HyDE (Hypothetical Document Embeddings)

Pritom BiswasPritom Biswas
7 min read

Previous Context

We saw how the “Parallel Query Retrieval” and “Query Decomposition” work. Let’s just see a recap:

Parallel Query Retrieval:

We asked this question, “What is fs?” and we got some questions like this from the LLM:

  1. What is fs?

  2. What is the file system?

  3. What is a file in Node.js?

  4. How to create a file in Node.js?

Really a straightforward question and some variants of it, right?

Query Decomposition:

We had a complex question: “What are the advantages and disadvantages of React compared to Vue.js for building large-scale applications?“ and our LLM generated these questions:

  1. Compare React and Vue.js for large-scale projects

  2. What are the pros and cons of using React for building large applications?

  3. Is React or Vue.js better for developing complex web applications?

  4. What are the benefits of using Vue.js over React in large-scale projects?

Complex multi-topic queries made simple.

Now, let’s think about something complex…

A new scenario:

Some experimentation 🧑‍🔬:

Suppose we have a big “Academic Research Paper” on “LLM models - Transformers and NLPs“ in our hands, and we want to ask questions about it. Sample question:

"How does transformer architecture improve natural language understanding?"
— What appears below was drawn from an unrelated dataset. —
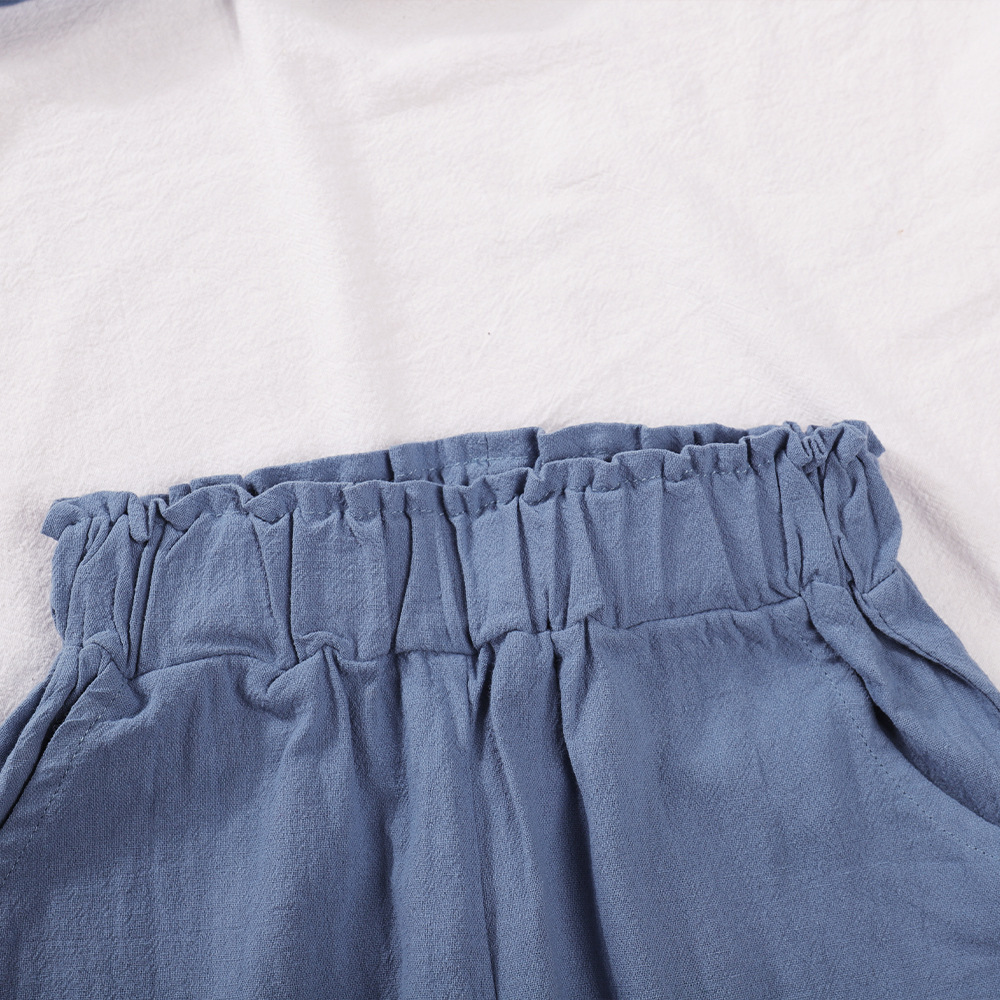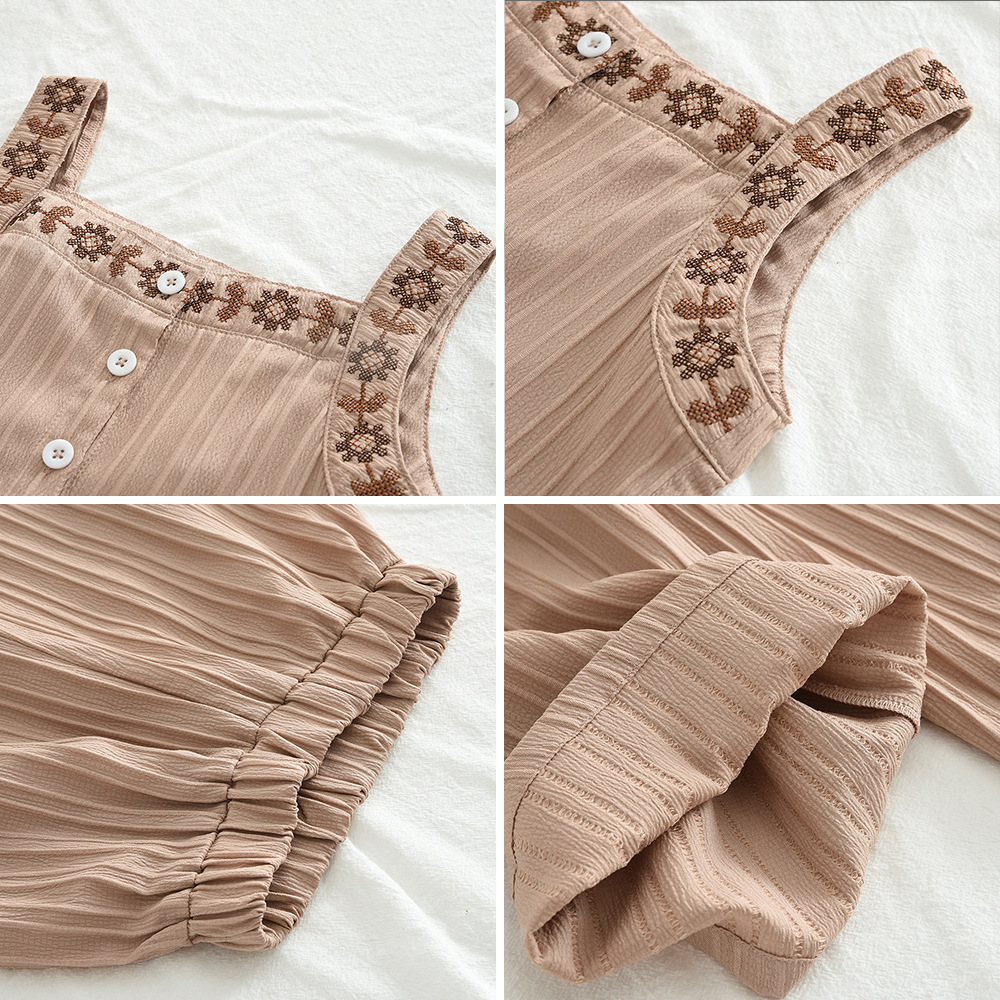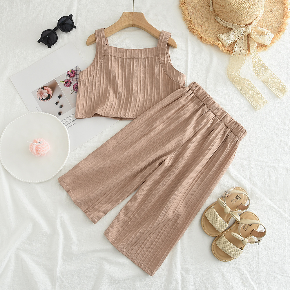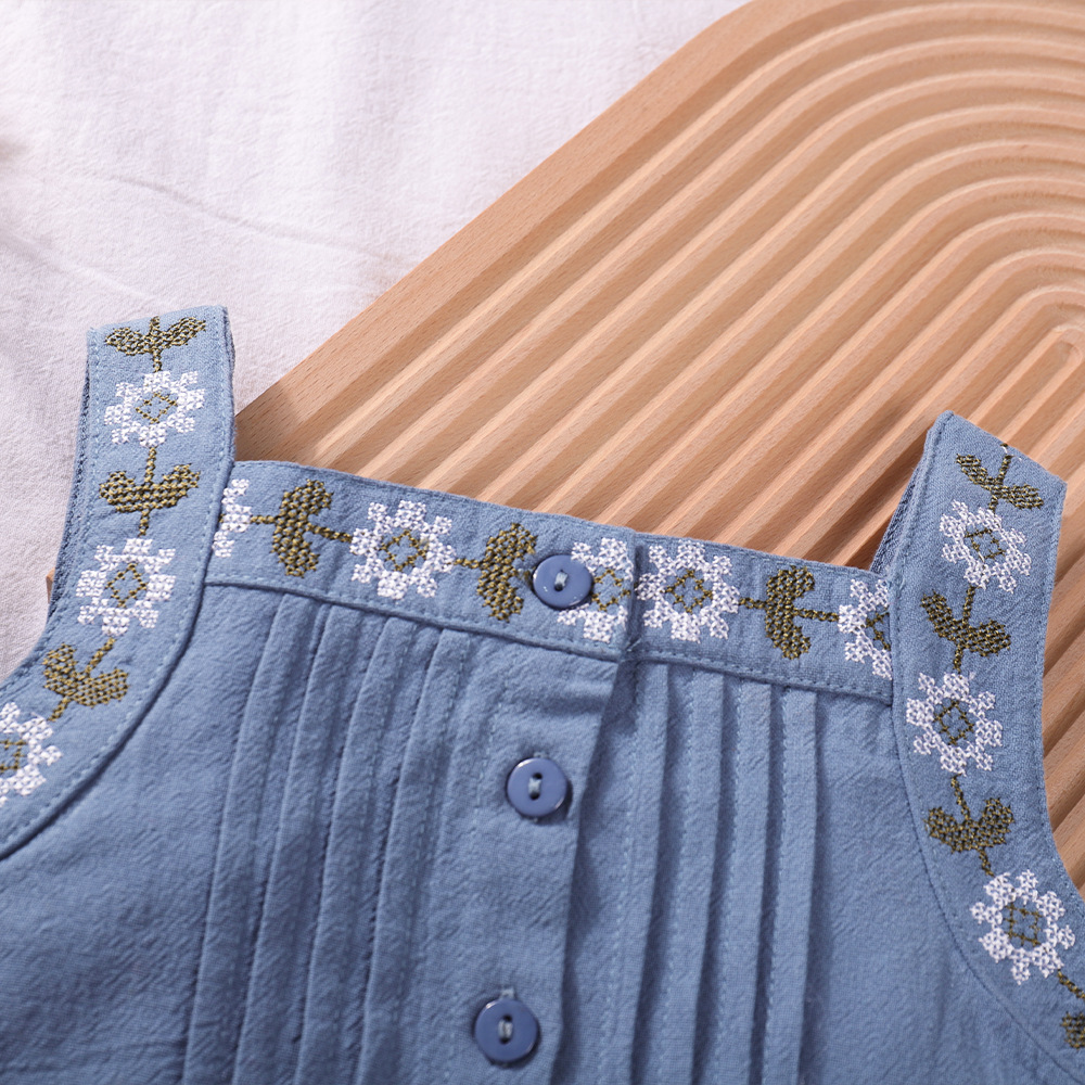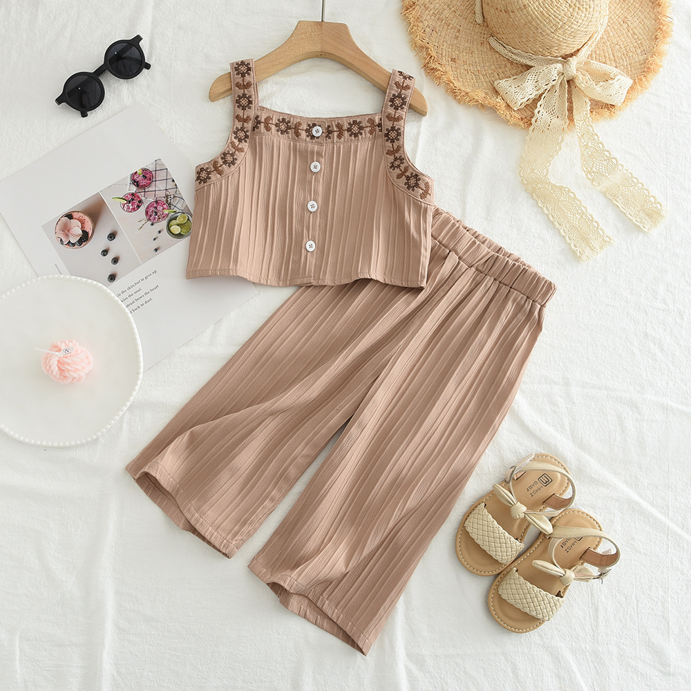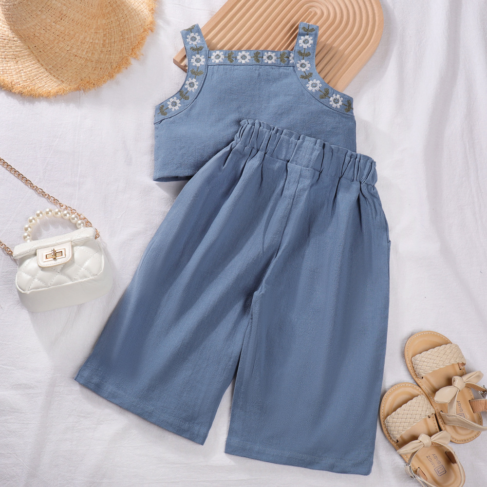 여아 민소매 세트 여름 새로운 한국 스타일 슬링 와이드 레그 팬츠 투피스 자수 빈티지 면과 린넨 바지 세트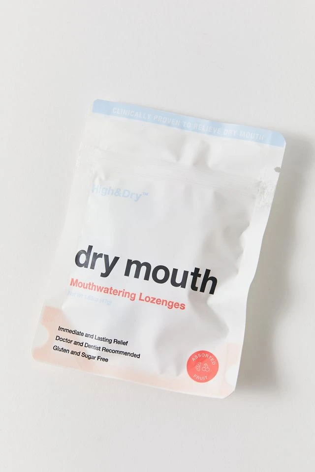 Inspired by Eastern Medicine, High&Dry Mouthwatering Lozenges are made with a proprietary blend of natural herbs and spices that activate the flow of saliva in the mouth’s submandibular glands, providing immediate and lasting relief from dry mouth symptoms. The Assorted Fruit flavor is naturally sweetened, and gluten and sugar-free.

  1. Run Through Parallel Query Retrieval:

    • "How do transformers help with NLP?"

    • "What makes transformer architecture better for language?"

    • "Why are transformers good for natural language processing?"

We got these questions. But “Research Papers” do not contain questions. They contain research findings, methodologies, and numericals.

We can get some response, but will it be “contextual” to us?
  1. Run through Query Decomposition:

    • "What is transformer architecture?"

    • "How does the attention mechanism work?"

    • "What are transformer benefits for NLP?"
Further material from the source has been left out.